**Materials provided**
──────
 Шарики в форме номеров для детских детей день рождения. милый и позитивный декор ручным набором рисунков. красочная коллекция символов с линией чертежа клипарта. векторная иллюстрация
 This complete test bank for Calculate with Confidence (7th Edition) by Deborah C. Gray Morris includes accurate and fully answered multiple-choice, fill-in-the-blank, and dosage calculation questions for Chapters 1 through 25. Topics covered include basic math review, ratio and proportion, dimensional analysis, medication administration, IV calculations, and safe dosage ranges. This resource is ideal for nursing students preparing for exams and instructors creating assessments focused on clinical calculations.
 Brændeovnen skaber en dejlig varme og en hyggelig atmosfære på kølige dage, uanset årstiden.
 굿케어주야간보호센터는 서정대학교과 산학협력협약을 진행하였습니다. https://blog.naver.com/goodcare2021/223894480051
──────
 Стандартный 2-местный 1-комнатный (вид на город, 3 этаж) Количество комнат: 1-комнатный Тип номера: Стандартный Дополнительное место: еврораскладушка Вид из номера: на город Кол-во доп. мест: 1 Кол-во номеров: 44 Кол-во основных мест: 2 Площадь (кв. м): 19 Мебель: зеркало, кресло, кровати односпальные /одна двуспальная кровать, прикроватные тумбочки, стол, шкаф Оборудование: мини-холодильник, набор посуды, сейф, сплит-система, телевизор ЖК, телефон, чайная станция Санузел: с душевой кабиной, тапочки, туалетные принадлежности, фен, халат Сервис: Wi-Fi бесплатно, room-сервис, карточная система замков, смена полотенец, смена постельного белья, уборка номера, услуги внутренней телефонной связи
──────
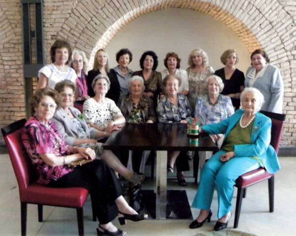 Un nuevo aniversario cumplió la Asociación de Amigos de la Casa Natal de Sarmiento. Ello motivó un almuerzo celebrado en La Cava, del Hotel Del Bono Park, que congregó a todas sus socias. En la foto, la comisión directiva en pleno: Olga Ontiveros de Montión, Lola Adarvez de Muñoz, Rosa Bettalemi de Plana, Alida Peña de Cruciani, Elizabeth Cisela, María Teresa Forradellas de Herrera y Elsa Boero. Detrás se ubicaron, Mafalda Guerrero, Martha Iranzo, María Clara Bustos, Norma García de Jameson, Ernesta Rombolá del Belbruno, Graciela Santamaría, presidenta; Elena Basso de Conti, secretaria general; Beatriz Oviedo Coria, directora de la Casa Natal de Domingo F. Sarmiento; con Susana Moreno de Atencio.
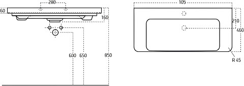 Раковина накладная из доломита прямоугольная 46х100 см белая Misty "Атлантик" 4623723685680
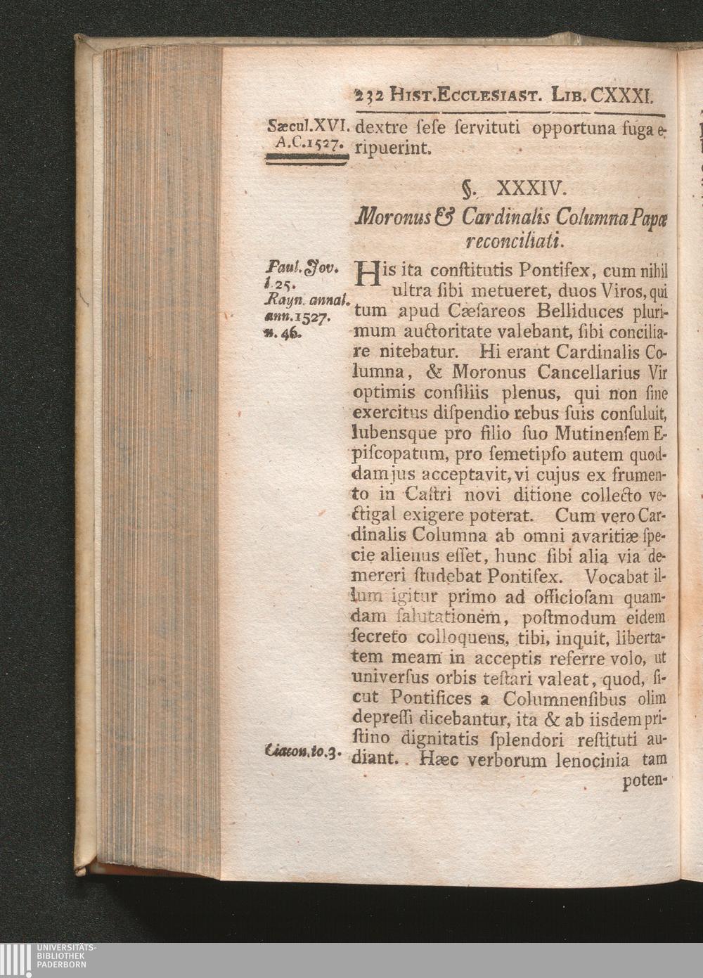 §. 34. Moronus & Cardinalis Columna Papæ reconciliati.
──────
**About this task**
Could you show every line of the listing that holds the string "номеров"?

**Exercise output**
 Шарики в форме номеров для детских детей день рождения. милый и позитивный декор ручным набором рисунков. красочная коллекция символов с линией чертежа клипарта. векторная иллюстрация
 Стандартный 2-местный 1-комнатный (вид на город, 3 этаж) Количество комнат: 1-комнатный Тип номера: Стандартный Дополнительное место: еврораскладушка Вид из номера: на город Кол-во доп. мест: 1 Кол-во номеров: 44 Кол-во основных мест: 2 Площадь (кв. м): 19 Мебель: зеркало, кресло, кровати односпальные /одна двуспальная кровать, прикроватные тумбочки, стол, шкаф Оборудование: мини-холодильник, набор посуды, сейф, сплит-система, телевизор ЖК, телефон, чайная станция Санузел: с душевой кабиной, тапочки, туалетные принадлежности, фен, халат Сервис: Wi-Fi бесплатно, room-сервис, карточная система замков, смена полотенец, смена постельного белья, уборка номера, услуги внутренней телефонной связи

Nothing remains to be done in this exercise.